The Dallas Museum of Art (DMA) announced this week that it has laid off 8% of its workforce amidst ongoing budget concerns. Starting 1 December, the Texas museum will additionally remove its Friday evening hours and close its doors to the public on Tuesdays. While the DMA has characterised its downsizing efforts as steps towards sustainability, ongoing plans for a $150m renovation and expansion project have not been interrupted.

In a press release, the DMA described its decision as following a “careful review of every aspect of the museum’s operations” as well as a recognition of the need to “adjust to new realities in a post-pandemic world, including rising costs, expiration of government funding and audiences not yet returning to pre-pandemic levels”. While prior efforts to lower costs produced hiring freezes and budget-friendly exhibitions of the museum’s permanent collection, recent layoffs have affected “nearly all departments”, representing a unilateral downsizing of operations.
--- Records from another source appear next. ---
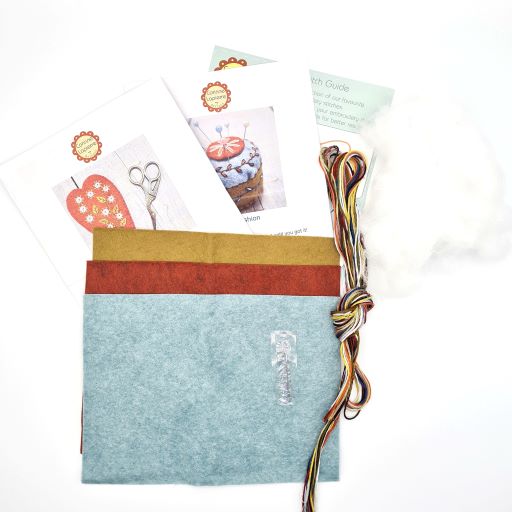 Everything you need to complete this practical and beautiful embroidered scissors pouch and cute little pincushion is in the box.
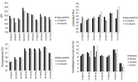 Los datos físicos-químicos evaluados en La Viuda, como el pH y la temperatura presentaron valores inversamente proporcionales a la profundidad, mientras que la salinidad era directamente proporcional. Las medidas de pH están en un rango entre 8.03-8.38, los de temperatura entre 29oC y 32.4oC, la visibilidad del disco Secchi entre 2.5 y 14m y los rangos de salinidad se encuentran entre 27.8-33.0 (Fig. 3).
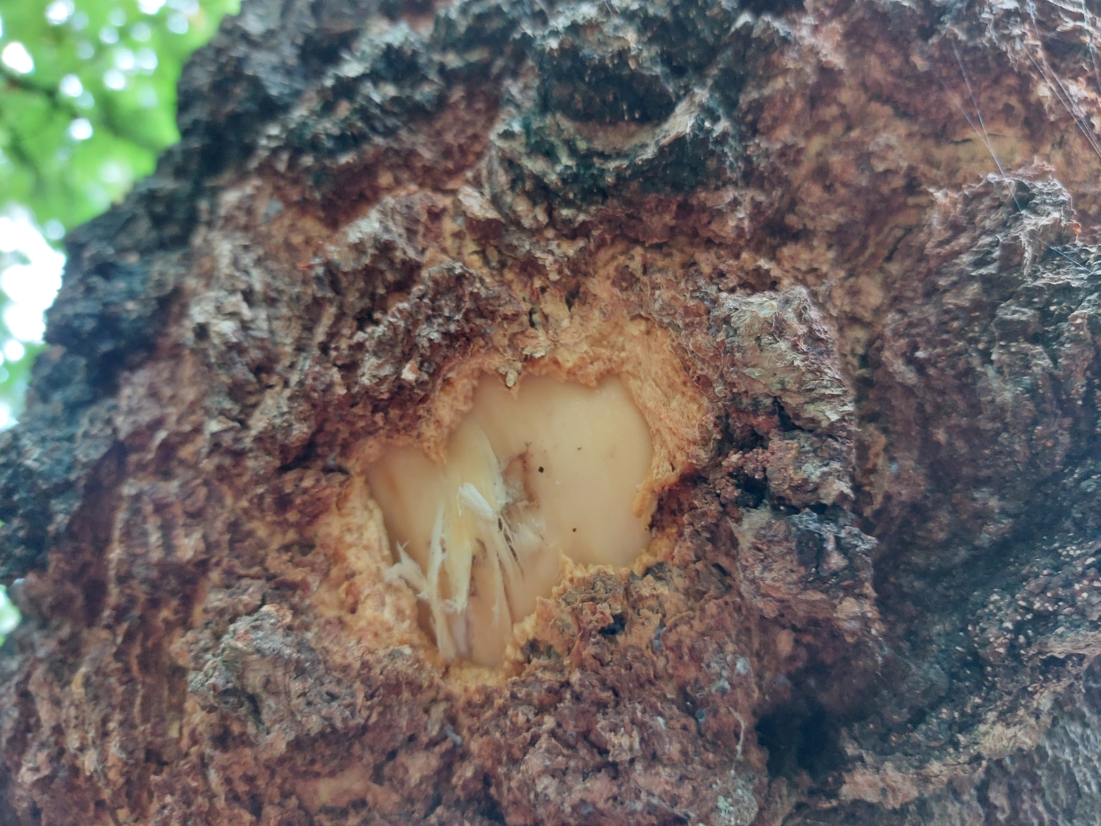 Hier mal ein Bild von einem etwas größeren Chaga der letzten Wochen, die Hauptknolle ist etwa 30*30*30 cm, und setzt sich dann noch etwa 1,5 m in der Verletzung nach oben fort.
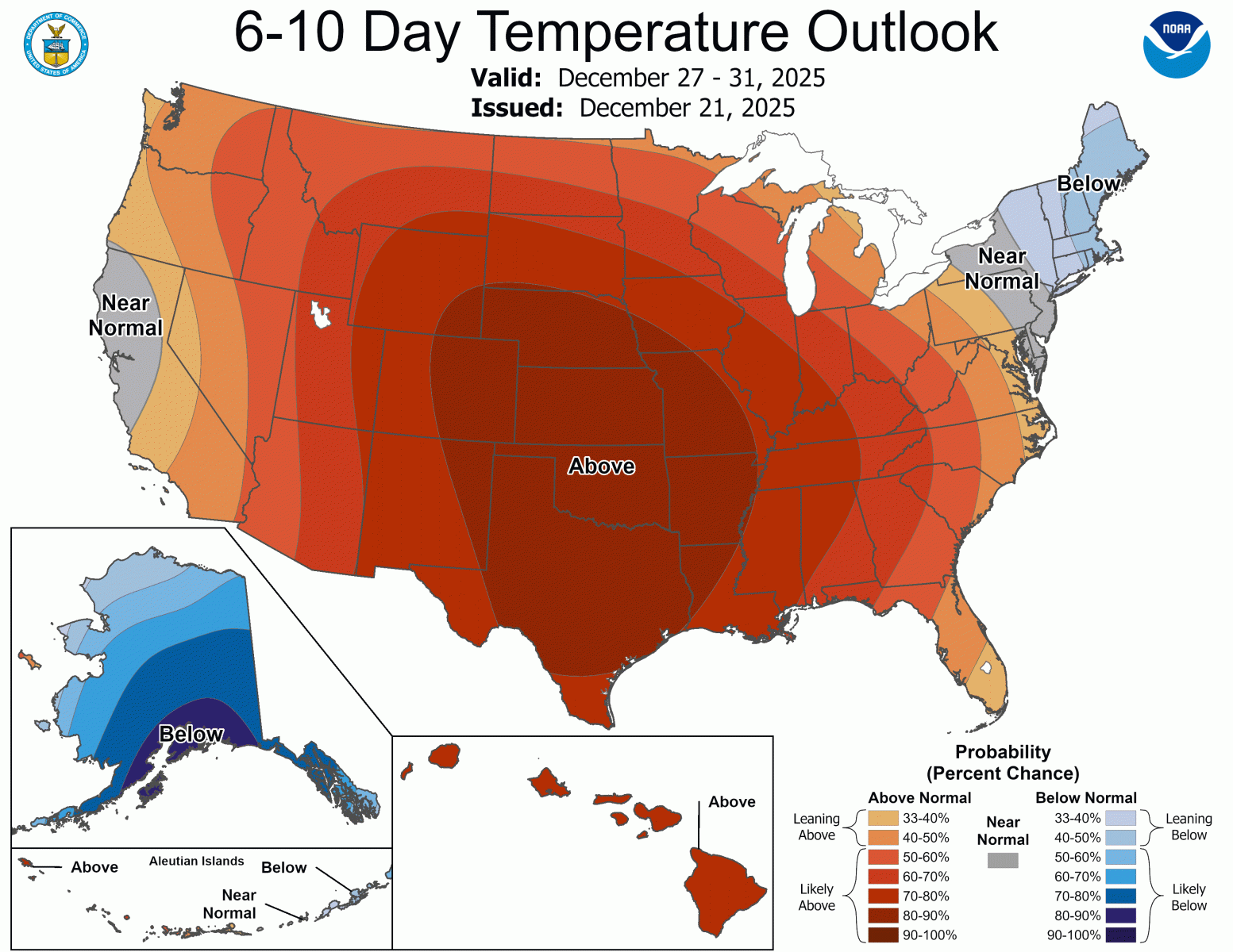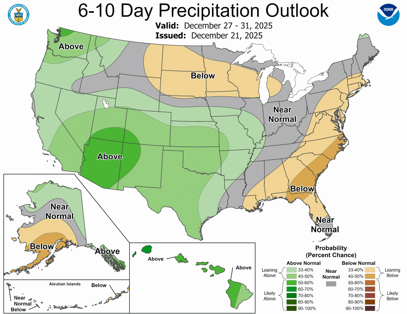 The latest 6-10 day outlooks (Dec 27-Dec 31) from the Climate Prediction Center (CPC) suggest ABOVE normal temperatures and NEAR normal precipitation across central Illinois.

In total, 20 employee positions have been eliminated, while two were turned from full- to part-time.

With the announcement of changes to its workforce and operations, the DMA claims that it is “now in alignment with achievable revenue goals”. At the moment, it does not expect “to make other changes or further staff reductions”.

Notably, the DMA’s embrace of austerity comes in direct contrast to its multimillion-dollar expansion plans, described in its project website as a revitalization of the currently “unwelcoming, off-putting” and “difficult to navigate” two-block campus, originally designed by Edward Larrabee Barnes in 1984. In August, a proposal by the Madrid-based Nieto Sobejano Arquitectos was announced as the winning design from a shortlist of six finalists, with DMA director Agustín Arteaga claiming that the museum will have the much-needed opportunity to show “masterworks” previously kept in storage, and showcase “the most significant collection of contemporary art of any encyclopaedic museum”.

No updates have yet been given regarding changes to exhibition scheduling or staff throughout the renovation process, and The Art Newspaper’s request for comment remains unanswered.